PROMPT ->
Look through the records and copy each line with the string "Sensoreinheit" in it.

Excerpts from a dataset:
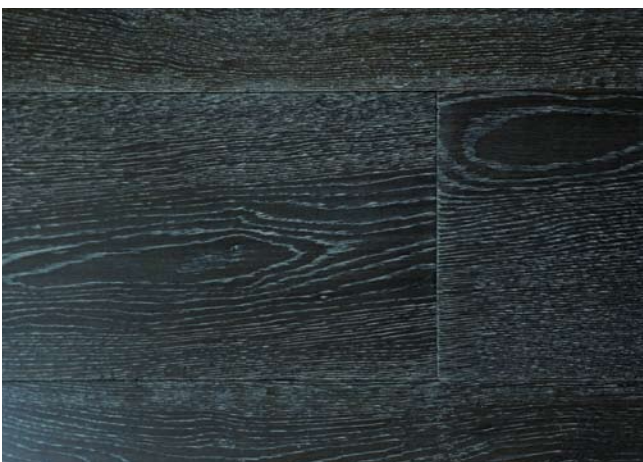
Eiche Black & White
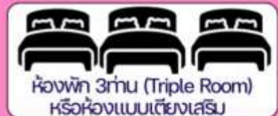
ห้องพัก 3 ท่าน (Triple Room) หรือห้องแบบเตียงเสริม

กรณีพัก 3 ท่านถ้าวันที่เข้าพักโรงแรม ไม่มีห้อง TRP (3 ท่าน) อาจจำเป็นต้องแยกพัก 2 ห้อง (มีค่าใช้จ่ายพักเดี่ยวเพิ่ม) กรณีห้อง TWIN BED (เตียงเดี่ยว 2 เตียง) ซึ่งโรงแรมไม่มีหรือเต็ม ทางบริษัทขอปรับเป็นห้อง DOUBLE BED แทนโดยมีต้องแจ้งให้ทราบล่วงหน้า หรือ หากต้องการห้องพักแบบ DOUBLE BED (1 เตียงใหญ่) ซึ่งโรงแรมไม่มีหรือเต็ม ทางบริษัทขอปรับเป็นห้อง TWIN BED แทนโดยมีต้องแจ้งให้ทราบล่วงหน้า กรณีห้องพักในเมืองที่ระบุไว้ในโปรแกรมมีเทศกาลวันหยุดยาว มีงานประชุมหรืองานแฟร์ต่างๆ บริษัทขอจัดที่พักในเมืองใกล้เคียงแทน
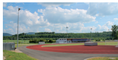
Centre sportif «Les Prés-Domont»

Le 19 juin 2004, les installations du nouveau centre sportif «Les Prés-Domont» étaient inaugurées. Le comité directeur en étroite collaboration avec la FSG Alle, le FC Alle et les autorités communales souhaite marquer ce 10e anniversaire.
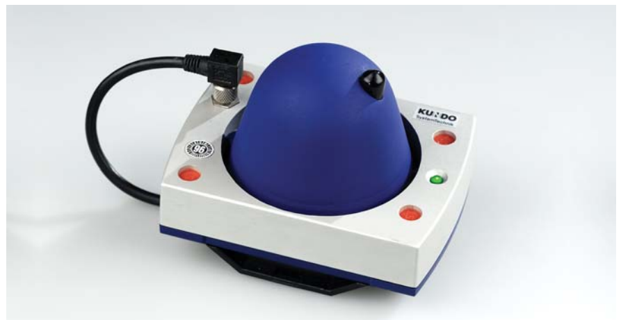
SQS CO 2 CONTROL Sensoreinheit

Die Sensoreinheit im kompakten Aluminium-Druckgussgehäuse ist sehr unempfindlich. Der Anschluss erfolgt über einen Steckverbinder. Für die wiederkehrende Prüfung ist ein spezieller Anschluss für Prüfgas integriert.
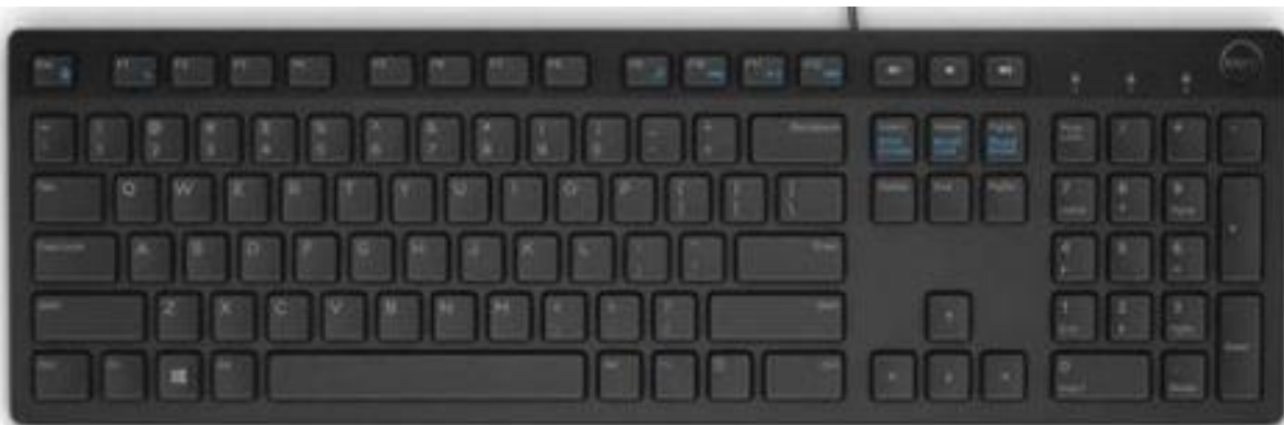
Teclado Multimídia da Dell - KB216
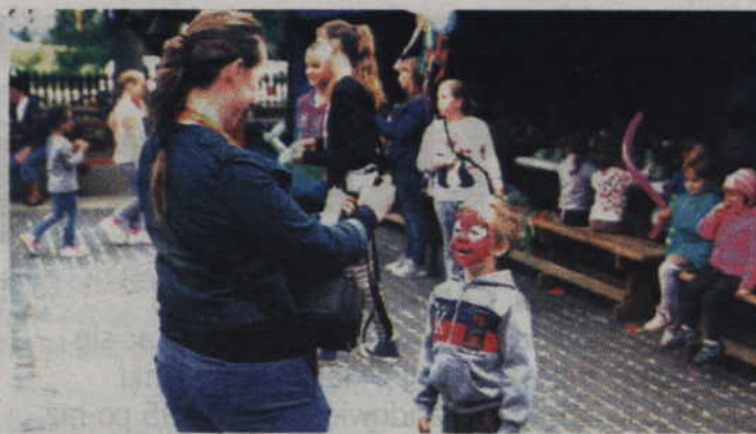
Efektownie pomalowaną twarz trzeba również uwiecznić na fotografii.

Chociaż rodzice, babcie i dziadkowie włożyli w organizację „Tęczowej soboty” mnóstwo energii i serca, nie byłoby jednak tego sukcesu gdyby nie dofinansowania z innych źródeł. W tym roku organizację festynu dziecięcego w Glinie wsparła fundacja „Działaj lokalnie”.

SOLUTION TO THIS PROBLEM ->
SQS CO 2 CONTROL Sensoreinheit
Die Sensoreinheit im kompakten Aluminium-Druckgussgehäuse ist sehr unempfindlich. Der Anschluss erfolgt über einen Steckverbinder. Für die wiederkehrende Prüfung ist ein spezieller Anschluss für Prüfgas integriert.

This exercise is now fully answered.